Invece no. Ho messo la testa fuori dal cinema con l'idea di aver assistito a un fulgido esemplare cinematografico di occasione sprecata. E il motivo è presto detto. Tutte le davvero eccezionali premesse si esauriscono in un ottimo inizio (quello sì, molto morettiano), fino alla scena della convocazione di Moretti in Vaticano e al suo primo incontro psicanalitico col Santo Padre. Fino a quel punto (ma sono davvero non più dei primi 10/15 minuti) il film promette moltissimo. Ma invece di proseguire su quella strada, lì la storia fa la fine di una balena su una spiaggia e si esaurisce, almeno nella misura in cui il ruolo istituzionale del personaggio di Moretti esce praticamente di scena (Moretti ovviamente resta in campo, ma in pratica il suo personaggio non serve più alla parte per cui era stato chiamato, ovvero lo psicologo che dovrebbe cercare di risolvere i problemi del Papa). La vicenda prosegue invece lungo tutta una serie di situazioni autoreferenziali, buone solo per contenere qualche battuta morettiana fine a se stessa (come la storia della moglie di Moretti - una Buy sprecata -, o la faccenda della guardia svizzera usata da simulacro, o tutta la faccenda del torneo di pallavolo), e che si limitano a fungere da traino a una trama che finisce per vivere dell'intensissima e mirabile interpretazione di Michel Piccoli, che - da solo - regge le sorti del film e contribuisce a far sì che lo spettatore esca dal cinema almeno con la sensazione di non sentirsi defraudato dei soldi del biglietto.

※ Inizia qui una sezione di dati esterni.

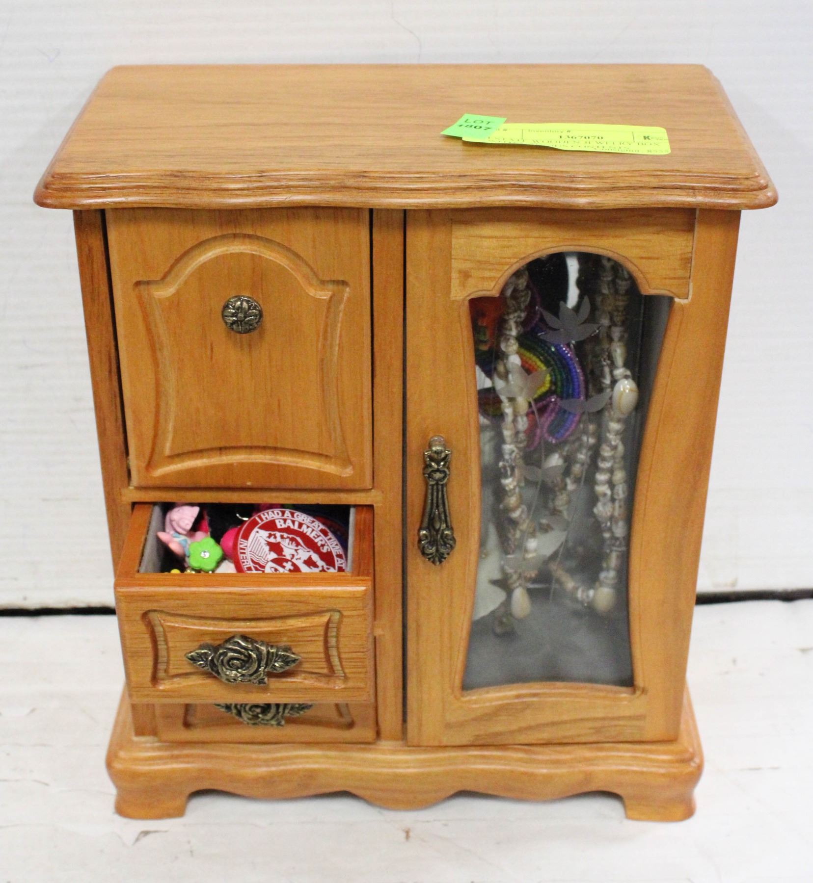 ESTATE WOODEN JEWELRY BOX WITH VARIOUS CONTENTS

Moretti, dunque, a mio avviso, ha tagliato maluccio il suo diamante grezzo. A dispetto del fatto che si possa cedere alla facile lusinga di intravedere un intento del regista di parlare di Joseph Ratzinger e pertanto della sua eventuale inadeguatezza a ricoprire il ruolo papale (le immagini iniziali sono indiscutibilmente e palesemente tratte dalle esequie di Wojtyla, benché riferimenti alla realtà nel film non ne vengano mai dati), il modo con cui la sceneggiatura si sviluppa non porta davvero avanti i temi cardine della vicenda, né rispetto al ruolo della Fede o della sua contrapposizione con il non credente, né rispetto alla fragilità umana di un uomo che si ritrova sulle spalle un ruolo, che nessuno (dei cardinali) sembra volere, e che rispetto al quale sembra dover servire una dose di forza e di coraggio sovra-umana per poter essere (sop)portato. Non costruisce una visione, Moretti, non giunge a conclusioni, non suggerisce nemmeno riflessioni, a parte quella, che più banale non si può, della difficoltà di accettare un ruolo come quello di Papa. Ho quasi avuto l'impressione che Moretti, il quale non ha mai indugiato alla tentazione dell'autocensura, tutt'altro, in questo caso non sia stato capace (per mancanza di volontà o di coraggio?) di affondare il colpo, di graffiare, di andare a denudare le radici di quelle difficoltà profonde che sono anche quelle di tutti noi, sia di fronte alle prove più o meno grandi che la vita ci chiede di (sop)portare, sia rispetto al mistero dell'esistenza e dello scopo di essa, di cui la Chiesa tenta di somministrare (come ogni religione) una spiegazione preconfezionata, ma le cui contraddizioni morali e politiche in cui versa da sempre, contribuiscono a minarne la stimabilità.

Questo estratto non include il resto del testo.